QI:  Like many other materials, it has been discovered Charcoal was used by ancient Egyptians.  Moving though 3000 years of charcoal use, it was also used to decolourise sugar in the early 20th Century and during World War 1 in gas masks to absorb gaseous toxins.  Medicinally prepared Activated Charcoal is used internally for intestinal upsets, bad breath and mouth odour, and also to combat flatulence in our pets!  There is anecdotal evidence of its use as a hangover cure too! It is still used for purification and filtering of drinking water.

Activated Charcoal
Melt & Pour Charcoal Kit




Activated Charcoal in Personal Care Products

There’s something to be said for the popularity of Activated Charcoal’s use on the skin.  Activated Charcoal is said to be very beneficial in skin care products, including soap!  However I cannot quote any scientific or clinical articles on its efficacy, it is all anecdotal.


  • Removes oil and dirt by deep cleansing via adsorption
  • Is suitable for all skin types
  • Helps to tighten the pores
  • Offers light exfoliation
  • Helps to reduce acne
  • Said to whiten and brighten
  • Tooth whitening.  I am afraid I am not brave enough to undertake the tooth-brushing regime of charcoal powder, but so many of our customers use it!

Products we DON’T LIKE to use Activated Charcoal in

  • NOT for Bath Bombs!  Seriously beware!  Even adding in some Polysorbate 80 doesn’t help clean your bath!!
  • NOT for Emulsified Scrubs – it always separates and looks ick.
  • NOT for liquid soap and shampoo. This is personal choice but if you want to try this, I recommend a small batch and thorough trials to ensure it works for you!

Prepping Charcoal Powder for Use

I prefer to moisten Activated Charcoal Powder with a little oil, but you can use Glycerine PF if you are putting it into a water based project.

  • In Melt and Pour Soap I use either Isopropyl Alcohol or Glycerine PF.
  • In Cold Process Soap I tend to use oil
  • For anhydrous products, oil is the way to go!
  • Regular clay masks I use Glycerine PF, and my baggie method.  Trying to use water alone is a mess waiting to happen!  If you have oil in the mask formula, you can of course moisten it with the oil content.
  • For emulsified clay masks – well, I have not had any success in these.  I get separation no matter which method I try, so I have decided for these hand crafted I will not add charcoal.
Cold Process Soap with Charcoal for colour

In both Cold Process Soap and in Melt and Pour, too much Charcoal powder can create grey lather and may stain white facecloths.  If you want to create a dark black soap colour in Cold Process Soap, try using the black as a swirled colour until you have worked out the ratio of charcoal to soap you prefer in your recipe.

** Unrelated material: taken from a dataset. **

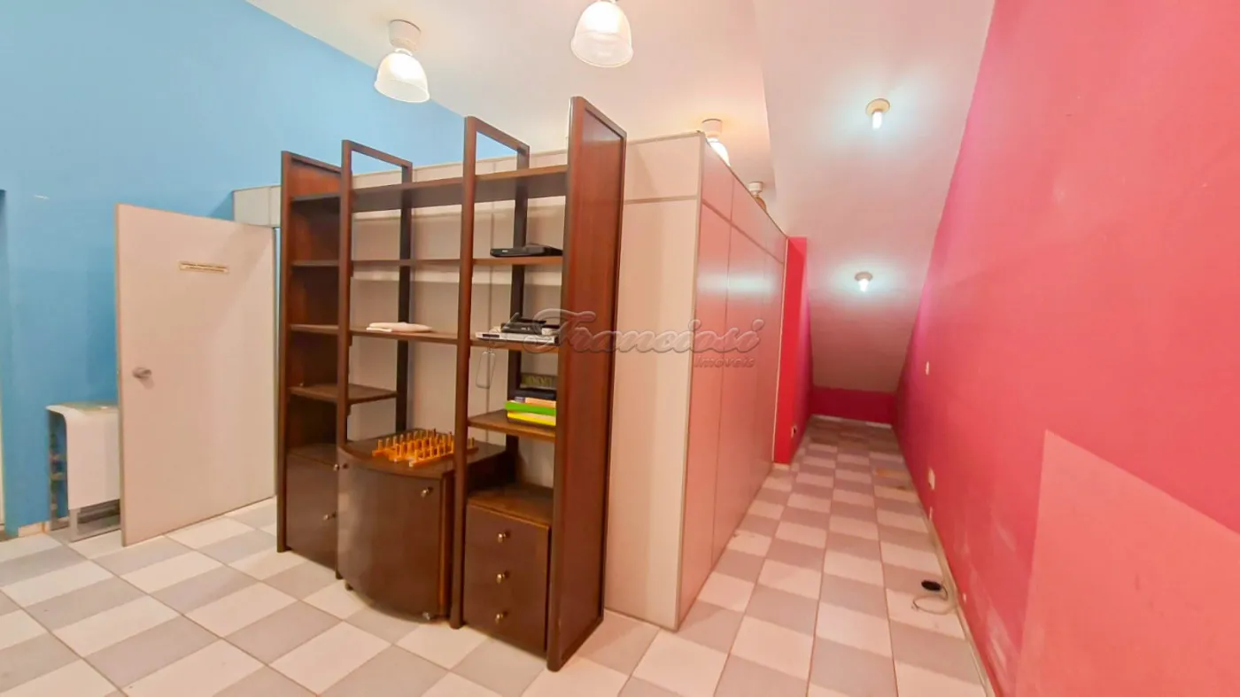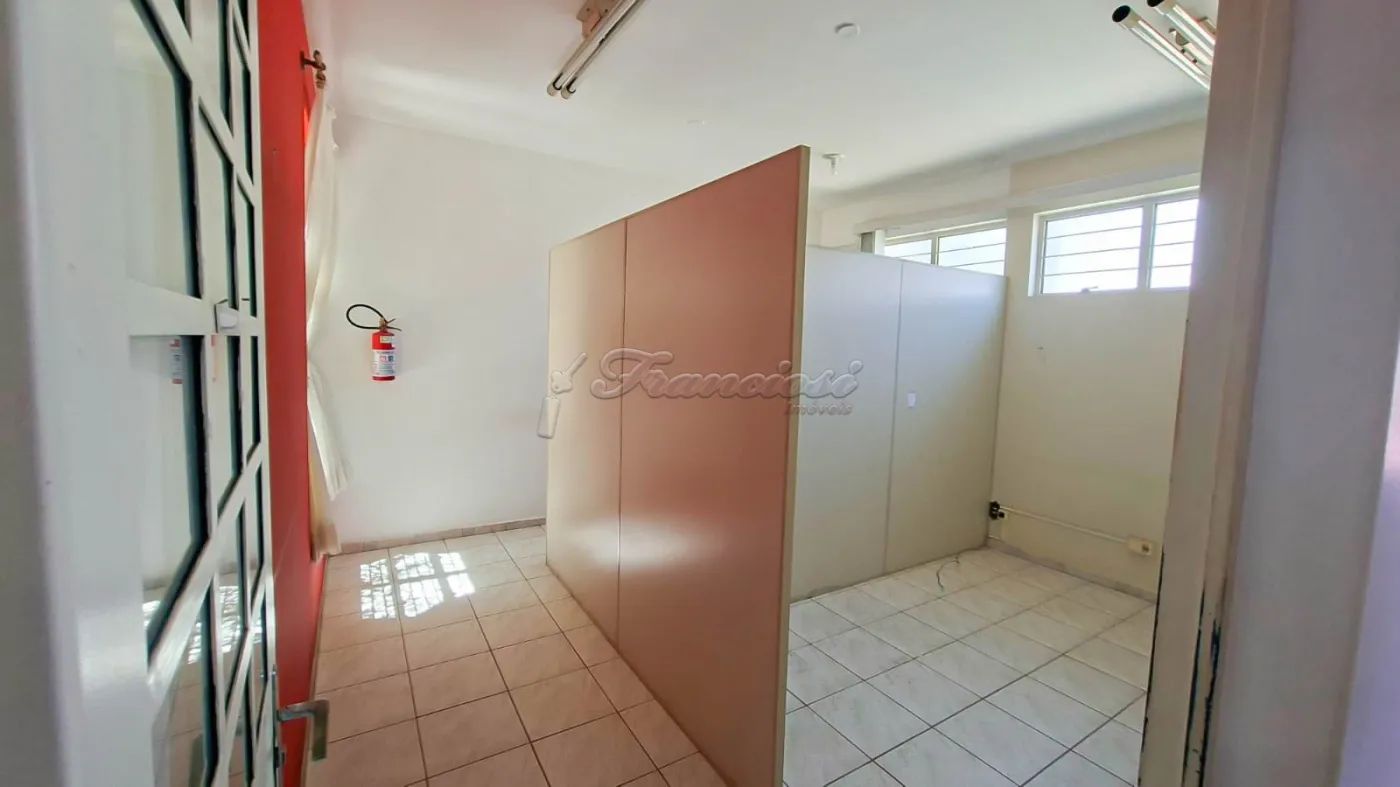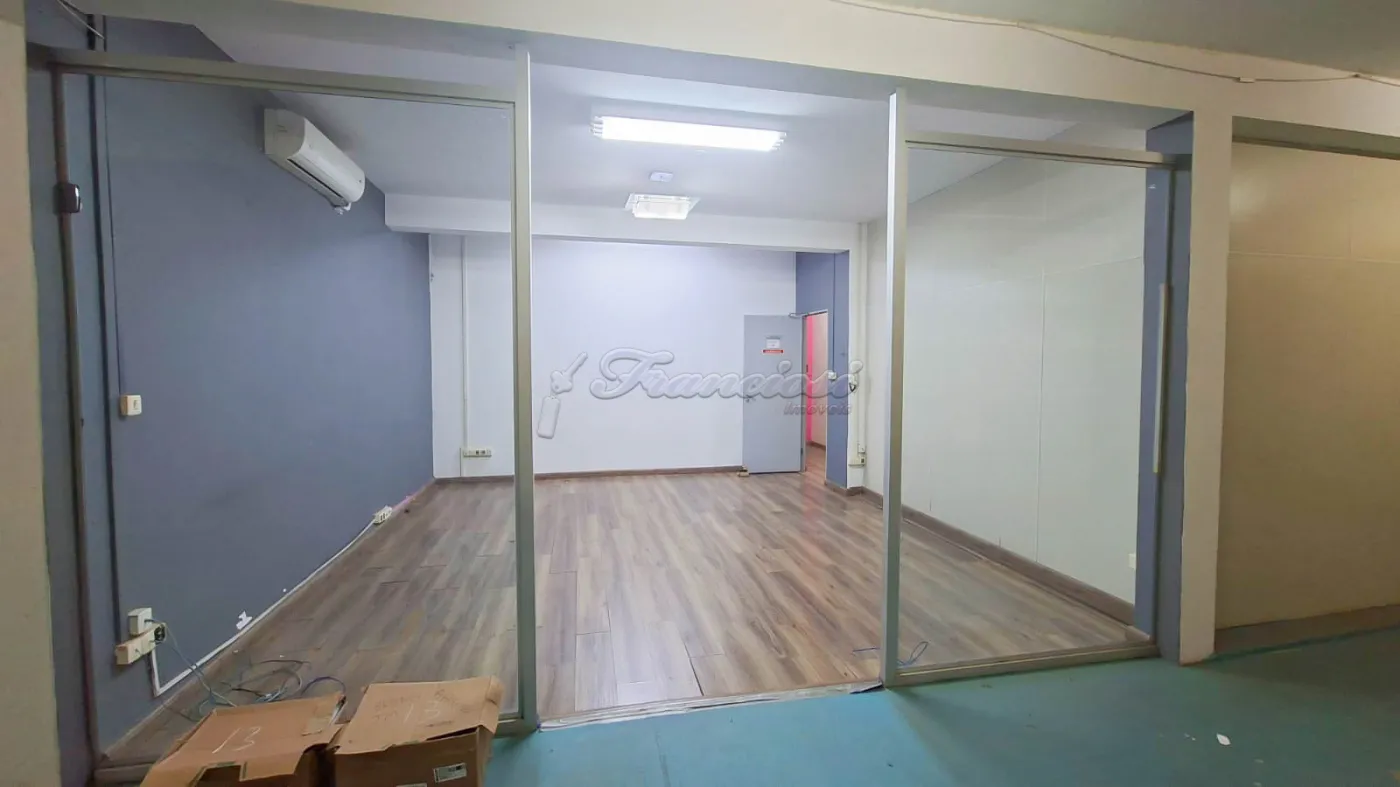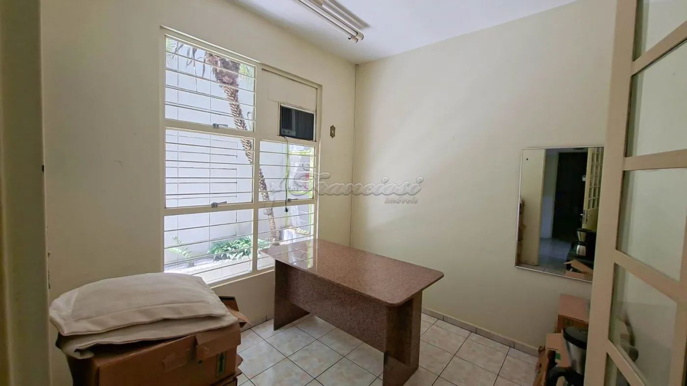 Salão comercial com recepção, 10 salas sendo 9 com ar condicionado, 6 banheiros, 2 salões médios, copa, lavanderia, 1 salão medindo 120 m², recuo para 4 carros e estacionamento coberto. Com porta de ferro automática.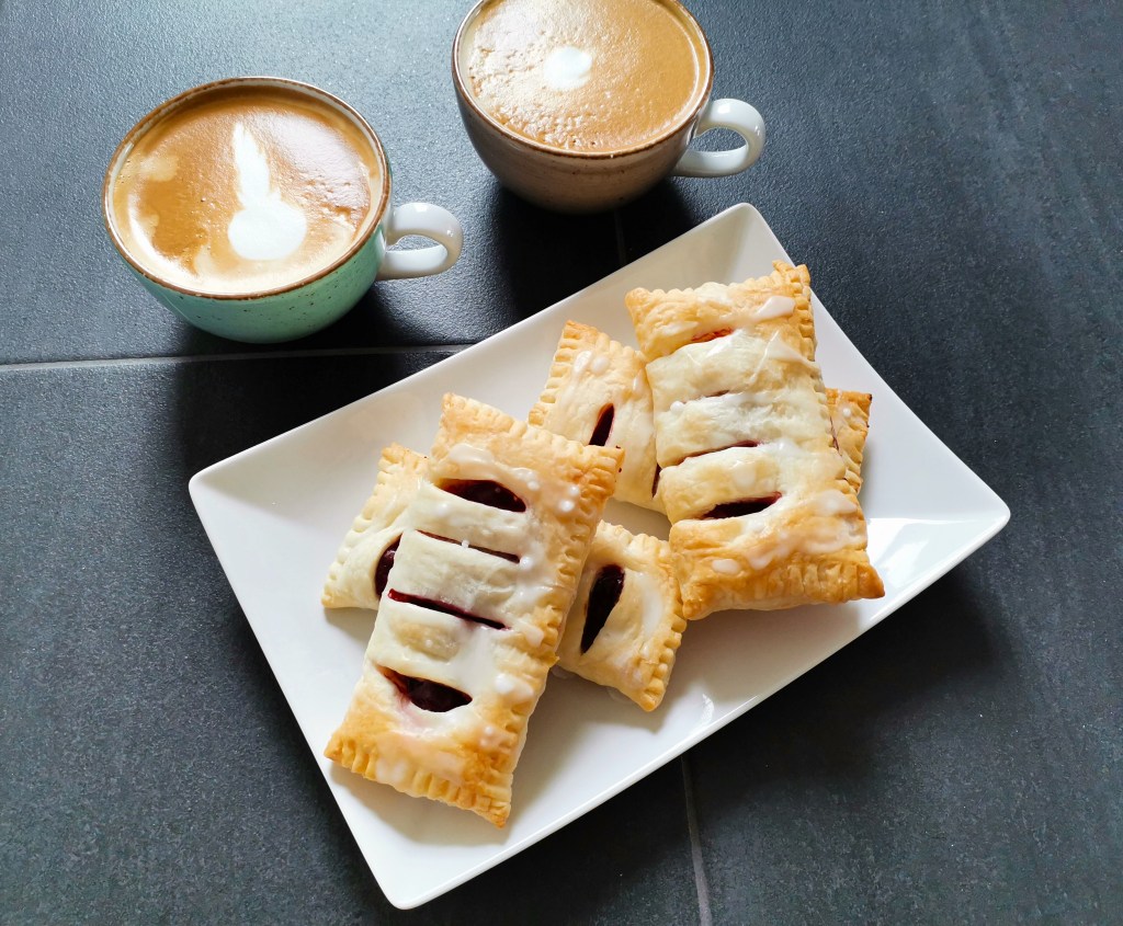 Den Deckel zuklappen und den Teig rundum mit einer Gabel aneinanderdrücken. Die Plunder wandern nun bei 200° auf mittlerer Schiene für 15 Minuten Ober-/Unterhitze in den Ofen. Anschließend auskühlen lassen. Wer will kann aus Puderzucker und Wasser bzw. Zitronensaft noch schnell einen Zuckerguss anrühren und die Plunder damit einpinseln. Frisch servieren und genießen.

Charcoal in Melt and Pour Soap can make clear soap look like coal!

Handling Charcoal Powder

As you can see from this graphic, it’s messy – there is no question at all about it!  When you open the jar or pack, please open with care!  Firstly,  close the windows and door and turn off the fan!  The particles are so light that any draughts will carry the dust around.  I always cover my workspace with some newspaper, it is just so much easier to clean up, even without any accidental spills.  Do handle with care and if you are prone to respiratory issues you can wear a mask if handling it regularly.  Finally, if you are a little bit messy when you work, gloves are a good idea too!